The article then moves from the idealized infinite-unique-data regime to finite-data training. It highlights three points that matter for any fixed-budget training idea:

1. The raw token count `D` assumes cleaned, useful data. Two datasets with the same token count can have very different compute efficiency.
2. Repeated data is not equivalent to fresh data. Muennighoff et al. model repeated tokens through an effective data count `D'` whose marginal value decays with repetition.
3. Lovelace et al. add an explicit overfitting penalty that grows with both the repetition count and the capacity ratio `N / U_D`, where `U_D` is unique data.

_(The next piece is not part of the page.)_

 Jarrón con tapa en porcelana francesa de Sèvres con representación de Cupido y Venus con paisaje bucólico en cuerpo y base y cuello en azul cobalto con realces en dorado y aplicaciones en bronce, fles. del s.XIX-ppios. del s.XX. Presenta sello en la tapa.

The overfitting-penalty form highlighted by the article is:

$$
\hat{L}(N, U_D, R_D)
= E + \frac{A}{N^\alpha}
+ \frac{B}{\left(U_D(1+R_D)\right)^\beta}
+ P \cdot R_D^\delta \cdot \left(\frac{N}{U_D}\right)^\kappa.
$$

The practical message is that fixed compute does not remove the data-quality and data-repetition problem. A model can be compute-matched and still be in the wrong data regime.

## Fitting And Extrapolation Caveats

The blog closes by warning that scaling-law fits are sensitive to details that can look trivial:

- whether parameters include embeddings;
- loss precision and rounding;
- whether fitting sums or averages robust loss terms;
- which size/data region is included in the fit;
- whether architecture, optimizer, learning-rate schedule, batch ramp, data mix, tokenizer, and tuning quality remain fixed across the runs.

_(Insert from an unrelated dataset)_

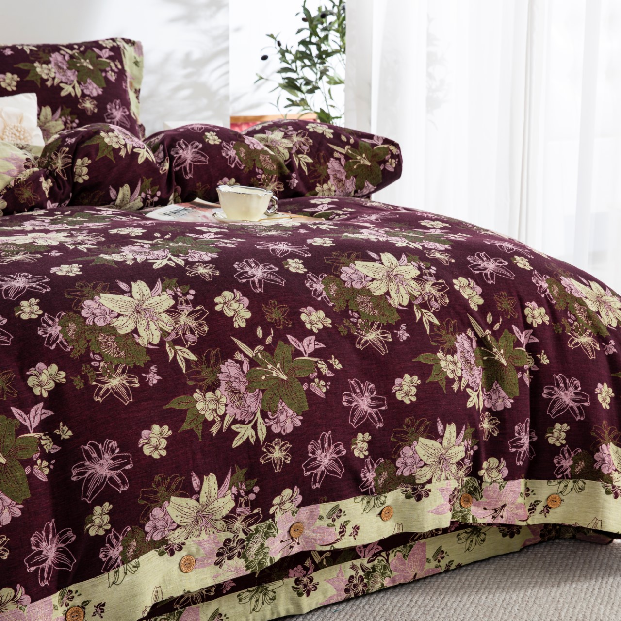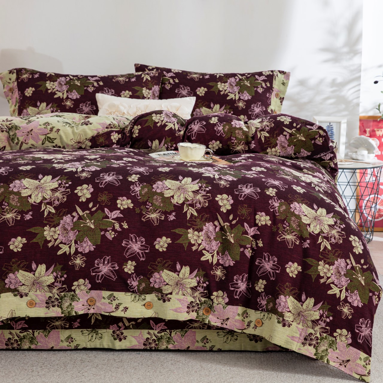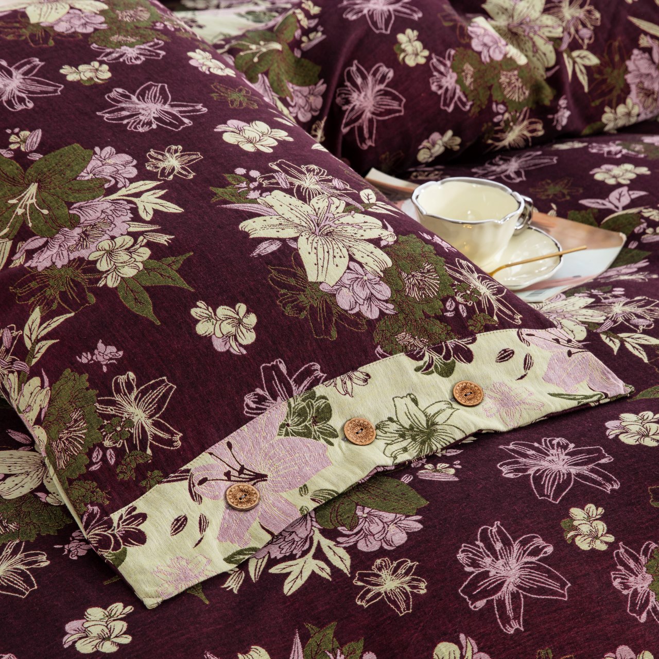 (总)双层纱家居 2025新款全棉纯棉色织提花纽扣款四件套-百合颂

The source uses the Kaplan-vs-Chinchilla disagreement and Besiroglu et al.'s Chinchilla replication discussion to show why small fitting choices can shift large-run recommendations.

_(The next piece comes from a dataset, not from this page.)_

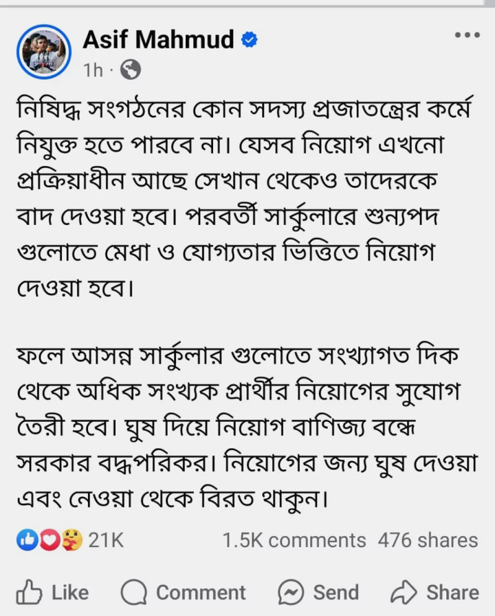ফেসবুক পোস্টে আসিফ মাহমুদ লেখেন, ‘নিষিদ্ধ সংগঠনের কোনো সদস্য প্রজাতন্ত্রের কর্মে নিযুক্ত হতে পারবে না। যেসব নিয়োগ এখনো প্রক্রিয়াধীন আছে, সেখান থেকেও তাদের বাদ দেওয়া হবে। পরবর্তী সার্কুলারে শূন্যপদগুলোয় মেধা ও যোগ্যতার ভিত্তিতে নিয়োগ দেওয়া হবে।

## Local Interpretation Notes

For this knowledge base, the source is most useful as a method-hygiene anchor for compute-budgeted training ideas. It does not by itself prove a new time-series or world-model scaling law. It does, however, state the right experimental discipline:

- define what counts as compute;
- compare designs on IsoFLOP or fixed-budget frontiers rather than one cherry-picked run;
- name the data unit and data-quality regime;
- separate parameter count, data count, tokenization/compression, and repetition;
- report confidence or sensitivity of the fitted optimum before extrapolating.

## Limitations

- The source is a blog synthesis rather than a paper with new experiments.
- The central evidence comes from language-model scaling, not numeric time series, event streams, graph time series, or action-conditioned world models.
- The `C ≈ 6ND` estimate is a useful dense-Transformer approximation, not a complete cost model for sparse attention, MoE, adaptive tokenization, recurrent depth, hierarchical compression, memory bandwidth, or real latency.
- Scaling-law fits over aggregate loss do not reveal which latent-state capabilities, rare-regime probes, channel-coupling skills, or intervention-window dynamics have emerged.
- Engagement metrics from the X announcement are not technical evidence.